To explore associations between various sources of PF data and determine meaningful change thresholds. This includes assessing measurement characteristics of the different modalities, including sensitivity to change and identification of meaningful change thresholds; comparing changes within and between modalities; and exploring associations between changes in the PF modalities and subsequent clinical outcomes, such as patient-reported AEs, other patient-reported domains of HRQOL, acute care usage, and chemotherapy dose delay/reduction.

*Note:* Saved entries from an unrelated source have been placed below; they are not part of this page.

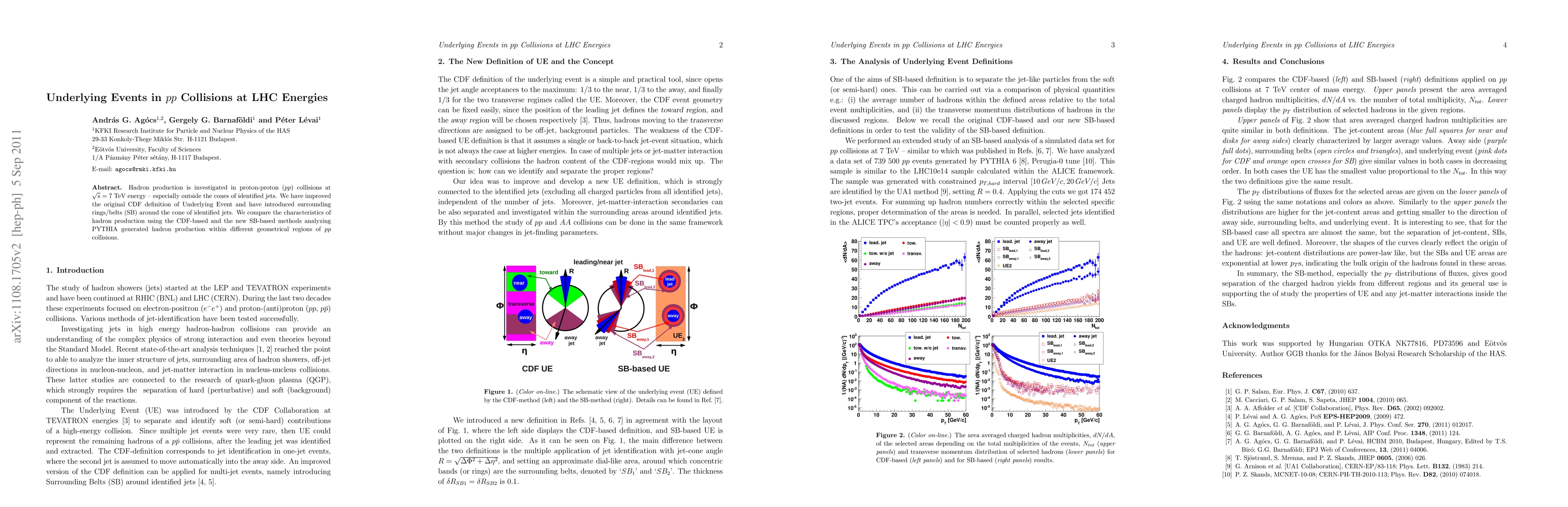 Hadron production is investigated in proton-proton (pp) collisions at \surds = 7 TeV LHC energy - especially outside the cones of identified jets. We improved the original CDF definition of underlying event and introduce surrounding rings/belts (SB) around the cone of identified jets. We compare the characteristics of hadron production using the original CDF-based and the new SB-based via analysing PYTHIA generated fluxes of these hadrons within the geometrical regions of pp collisions.
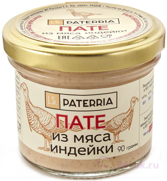 Состав: мясо индейки, масло сливочное, яйцо куриное, пастернак, вино, вода, лук, соль, чеснок, тимьян, перец черный, перец душистый, перец сычуаньский, фенхель
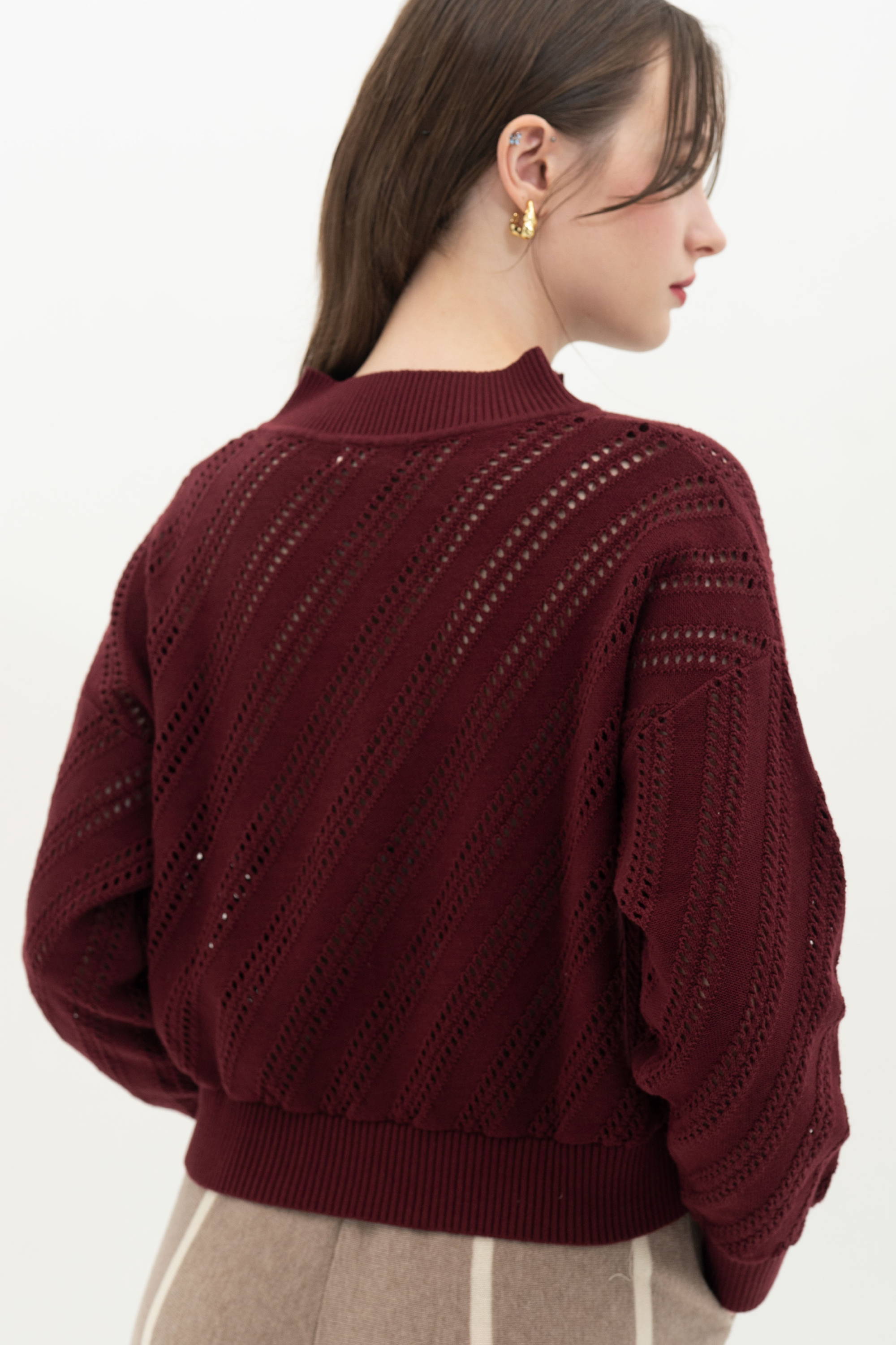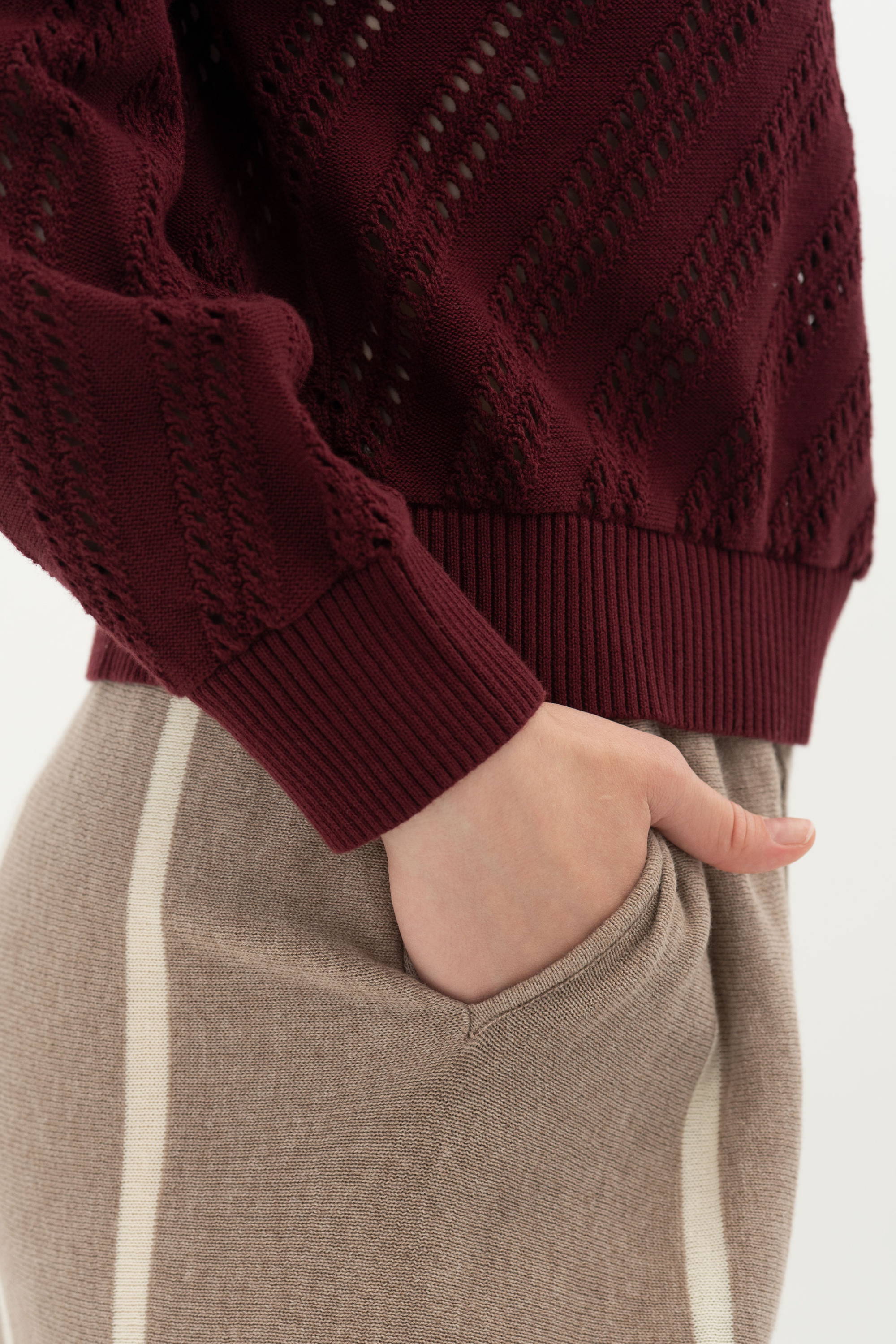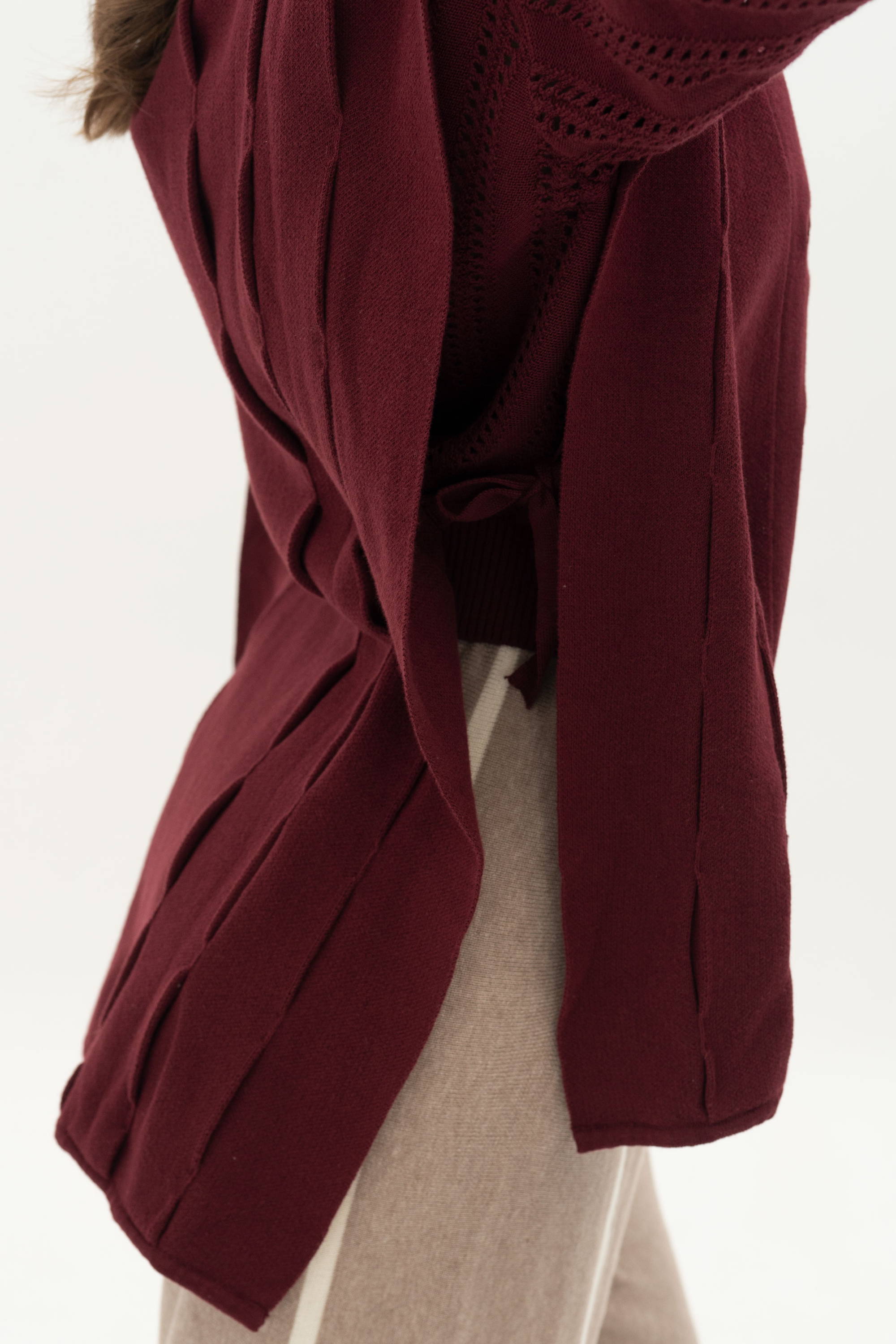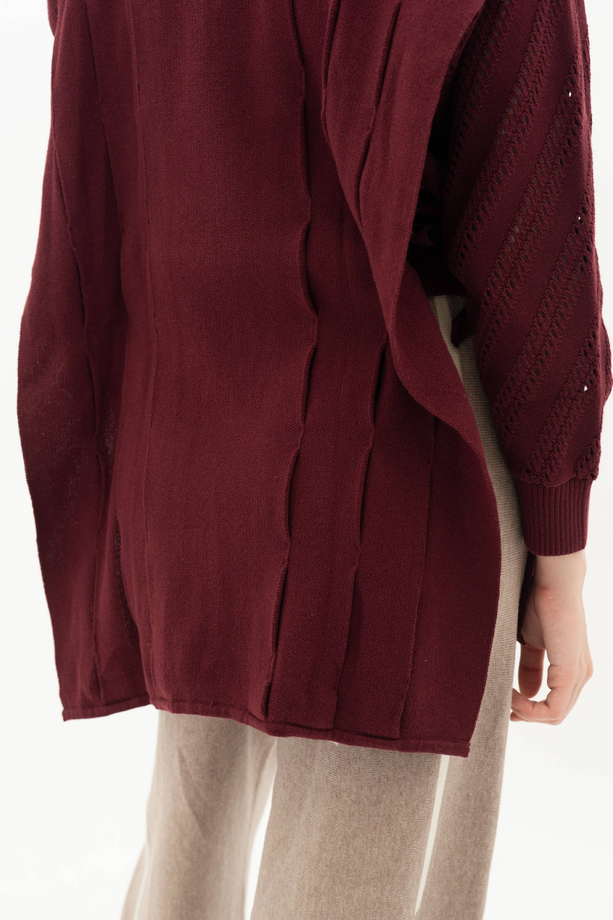 When worn, the sweater drapes softly on the body and creates a look that feels relaxed yet well polished. The maroon color adds depth to the knit texture and gives the piece a richer character.

To assess patient acceptability and experience using the different PF assessment modalities, via the use of an exit questionnaire, to understand burden and usability of electronic PROs and wearable data collection from the patient perspective.
METHODS
In this prospective study, we are collecting PF data across the four different assessment modalities in a population of patients with breast cancer or lymphoma receiving routine-anticancer therapy including a cytotoxic chemotherapy. We plan to follow patients prospectively for 9 months, tracking clinician and patient self-report of physical functioning, PerfOs, and wearable data using a patient-centered health data sharing platform – Hugo Health – that will consolidate data from electronic health records (EHR), patient surveys, and wearable data (See Figure 1, Study Schema). Patients use their personal smartphone or other web-connected mobile product to answer questionnaires about PF, symptoms and adverse effects. Information from the EHR is collected to record baseline clinical features, clinician-reported performance status, treatment plans, and outcomes including acute care usage (emergency department visits, hospitalizations), and chemotherapy dose reductions, delays or discontinuations.
The study is based at Mayo Clinic (Minnesota) and Yale University. Participants are recruited both at community and academic hospitals, as well as clinics affiliated with these sites. Participants can be treated after recruitment at a local community site and followed remotely after study consent and enrollment is obtained at the primary site. Informational flyers are placed in waiting rooms of breast cancer and lymphoma clinic practices at both primary sites. Charts of potential study candidates are reviewed by clinical investigators, and if potentially eligible, patients are approached about and consented for the study by the study research assistants. Each site will enroll 100 patients. Complete inclusion and exclusion criteria are in Appendix 1.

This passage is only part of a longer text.